MobileNet models support any input size greater than 32 x 32, with larger image sizes offering better performance. Alpha parameter: float, larger than zero, controls the width of the network. This is known as the width multiplier in the MobileNetV2 paper, but the name is kept for consistency with applications.

If alpha < 1.0, proportionally decreases the number of filters in each layer.

If alpha > 1.0, proportionally increases the number of filters in each layer.

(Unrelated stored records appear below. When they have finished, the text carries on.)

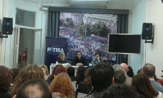 La apertura del encuentro plenario estuvo a cargo del cineasta, político y ex titular de RTA, Tristán Bauer, uno de los miembro del directorio del PATRIA; la ex directora de gestión educativa, Delia Méndez y el director general de Educación en Avellaneda y miembro de Educadores de ese distrito, Javier Gómez Perneta.
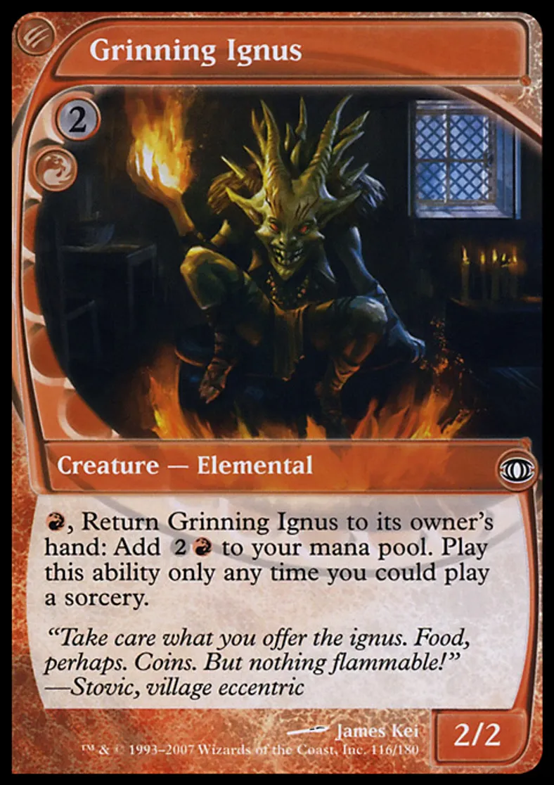 | Oracle Text | {{r}}, Return Grinning Ignus to its owner's hand: Add {{2}}{{r}} to your mana pool. Activate this ability only any time you could cast a sorcery. | ||
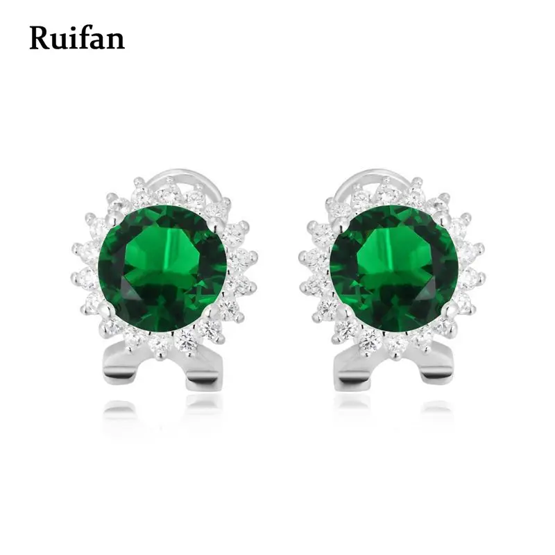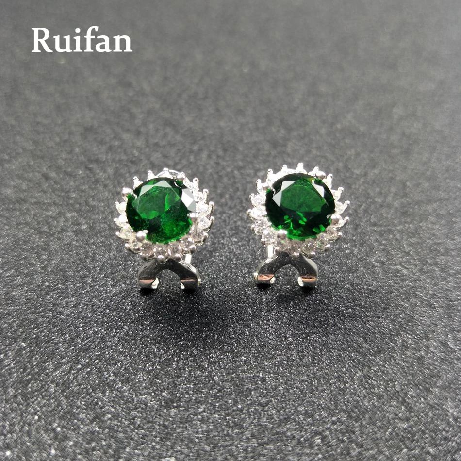 Round Shape Emerald Green CZ Cubic Zircon Stud Earrings for Women Genuine 925 Sterling Silver Earrings 2020 YEA012

If alpha = 1.0, default number of filters from the paper are used at each layer.

(source: https://keras.io/api/applications/mobilenet/)

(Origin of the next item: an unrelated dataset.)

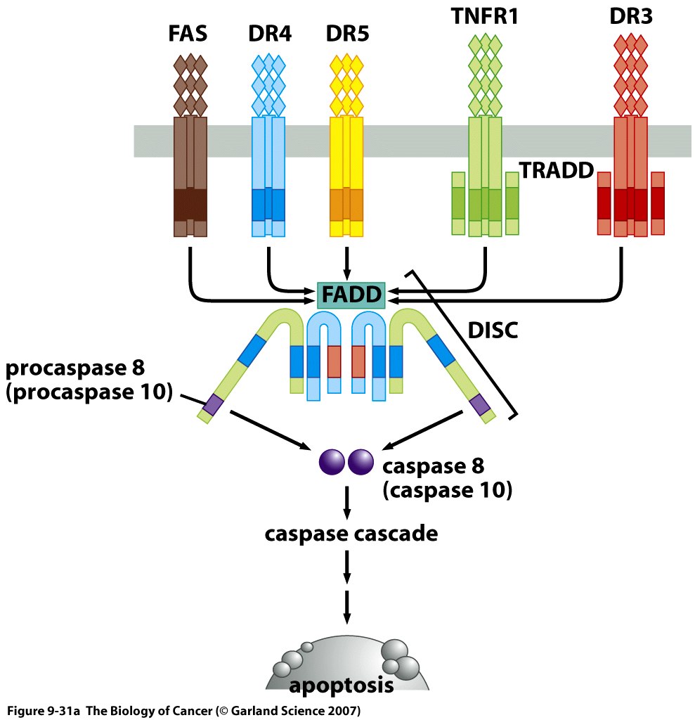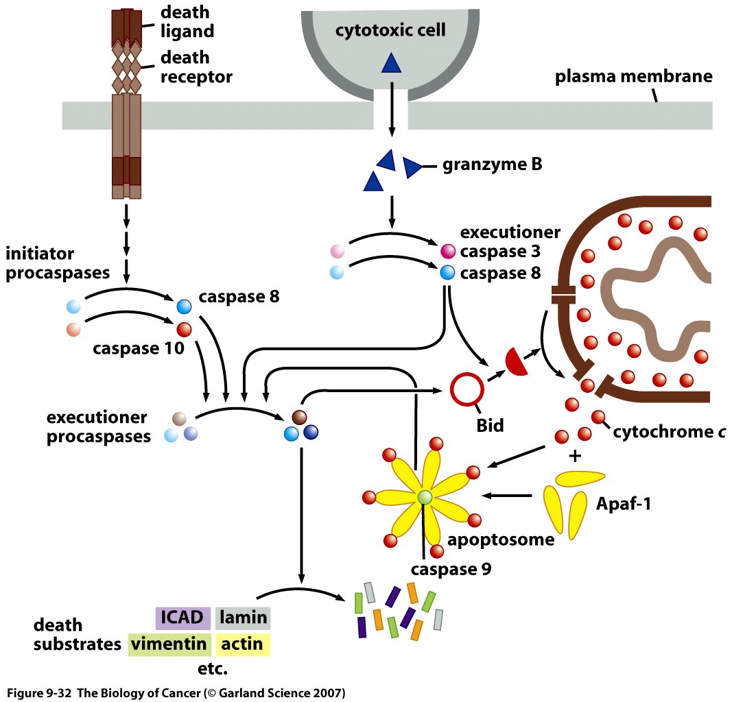 This Concept Map, created with IHMC CmapTools, has information related to: Section 9-14, intrinsic apoptotic shows how p53, p53 evokes apoptosis, intrinsic apoptotic aka stress- activated, intracellular signals activate PI3K-Akt/PKB pathway, extrinsic apoptotic shows how p53, signaling pathways trigger apoptosis, intrinsic apoptotic converge with extrinsic apoptotic, extracellular factors ex autocrine receptor activation, extrinsic apoptotic will be discussed in Chapter 15, extracellular factors favor cell survival, autocrine receptor activation releases intracellular signals, intracellular signals are anti- apoptotic, death receptors activate apoptosis, extrinsic apoptotic aka receptor- activated, DNA tumor viruses inactivate p53
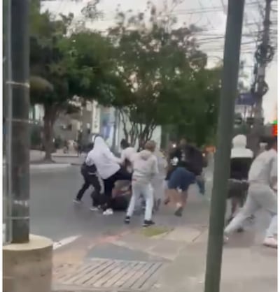 En redes se viralizó ayer el video de una brutal golpiza registrada en zona de Villa Morra, a la salida de una zona de discotecas. Fue víctima un joven, a quien se observa en el asfaltado mientras al menos otros ocho jóvenes lo patean y golpean.

The model is quantized in int8 using tensorflow lite converter.

Network information

Network Information	Value
Framework	TensorFlow Lite
MParams alpha=0.35	1.66 M
Quantization	int8
Provenance	https://www.tensorflow.org/api_docs/python/tf/keras/applications/mobilenet_v2
Paper	https://arxiv.org/pdf/1801.04381.pdf

The models are quantized using tensorflow lite converter.

Network inputs / outputs

For an image resolution of NxM and P classes

Input Shape	Description
(1, N, M, 3)	Single NxM RGB image with UINT8 values between 0 and 255

Output Shape	Description
(1, P)	Per-class confidence for P classes in FLOAT32

Recommended platforms

Platform	Supported	Recommended
STM32L0	[]	[]
STM32L4	[x]	[]
STM32U5	[x]	[]
STM32H7	[x]	[x]
STM32MP1	[x]	[x]
STM32MP2	[x]	[x]
STM32N6	[x]	[x]

Performances

Metricss

Measures are done with default STM32Cube.AI configuration with enabled input / output allocated option.
tfs stands for "training from scratch", meaning that the model weights were randomly initialized before training.
tl stands for "transfer learning", meaning that the model backbone weights were initialized from a pre-trained model, then only the last layer was unfrozen during the training.
fft stands for "full fine-tuning", meaning that the full model weights were initialized from a transfer learning pre-trained model, and all the layers were unfrozen during the training.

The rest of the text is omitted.